Here are the three main factions we know about:
The Saxony Empire is one of the most influential countries in Europe, with powerful industry, developed cities, modern factories and a strong military tradition. After the unfavorable conditions of surrender in the Great War, the current mood in the Empire is bad, and proud elites and humiliated aristocrats secretly oppose the Emperor’s appeasement policies.
The Polania Republic is a large agricultural country with a long history. It is trying to maintain its status and territory, struggling with its aggressive neighbors: The Saxony Empire in the west and Rusviet in the east. Polania initiated a program to modernize its army while a large part of the country is still occupied by Rusviet forces.

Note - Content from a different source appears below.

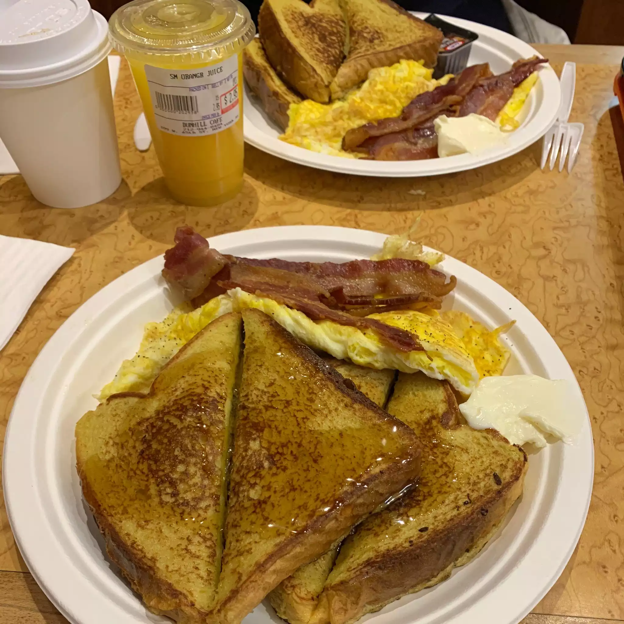 We had breakfast here every morning during our week long stay at the hotel next door (Hotel St James). Even when we didn't have time to eat it at the restaurant we asked for it as a takeaway. We didn't even look for another breakfast place as we loved Dunhills. The bagels were delicious and the fillings were generous. The French toast was also very good. The staff were very friendly. There was always a steady stream of locals getting breakfast on the way to work and it was interesting watching the cooks. We will definitely go back to this restaurant if we visit New York again.

Rusviet is huge, powerful, and has unmatched industrial and population potential. However, the country is tired and worn out by the long war. People are frustrated, and the power of Tsar Nikolaj weakens. Mysterious Grigori Rasputin has become an extraordinarily powerful man and revolution is in the air…
Iron Harvest’s art
Every game needs a hook. And right now, Iron Harvest’s hook is its art. Jakub Różalski’s vision of an alternate 1920’s+ Europe is stunning. Massive machines towering in the air are juxtaposed with farmers tending their fields.
Black exhaust billows from huge machines of war as they meander on rolling green hills.
And more domesticated bears.
Ok, I’m going to be disappointed if the bear isn’t playable at this point.
We will get our first look at how well KING Art Games makes games with The Dwarves on December 1st. The developer raised more than $310,000 from 5,900+ backers on Kickstarter back in 2015. Check out the gameplay trailer below.
That looks pretty solid. The Dwarves is coming to PS4, Xbox One and PC in less than a month.